> TASK BRIEF:
Exactly the lines from the line that has "There was no" through the final line below are to be retyped, and the pictures are not.

> DATA FOR THE TASK:
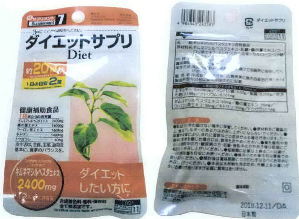
Figure 7. Unregistered Diet Supplement Gymnema Sylvestre Extract
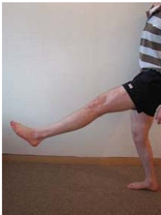
Figure 4 Dynamic Stretch. Participants actively swung the leg to be stretched forward into hip flexion until a stretch was felt in the posterior thigh whilst keeping their knee extended and their ankle in plantarflexion. This was repeated for 30 seconds, and repeated 3 times.

There was no main effect for group ( p = 0.462 ), with the mean values not being significantly different at any interval (all p > 0.05 ). (Table 1). Using ANCOVA to adjust for the non-significant ( p = 0.141 ) baseline differences, the
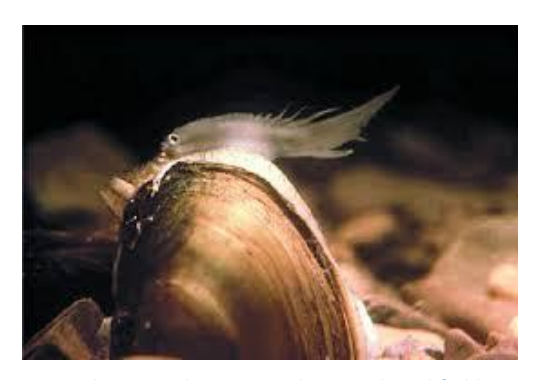
Lampsilis Mussel attracting bass with its life like lure

The Lower Thames Valley is also hiring a Species at Risk Aquatic Biologist to develop an aquatic Species at Risk (SAR) program for the Lower Thames watershed and implement a SAR Sec.11 agreement with DFO. This position will develop, coordinate and implement all field sampling, laboratory analysis, data management and summary reporting for the LTVCA's aquatic monitoring program (including benthic invertebrate, fish and mussel habitat monitoring).

> ANSWER SECTION:
There was no main effect for group ( p = 0.462 ), with the mean values not being significantly different at any interval (all p > 0.05 ). (Table 1). Using ANCOVA to adjust for the non-significant ( p = 0.141 ) baseline differences, the
Lampsilis Mussel attracting bass with its life like lure

The Lower Thames Valley is also hiring a Species at Risk Aquatic Biologist to develop an aquatic Species at Risk (SAR) program for the Lower Thames watershed and implement a SAR Sec.11 agreement with DFO. This position will develop, coordinate and implement all field sampling, laboratory analysis, data management and summary reporting for the LTVCA's aquatic monitoring program (including benthic invertebrate, fish and mussel habitat monitoring).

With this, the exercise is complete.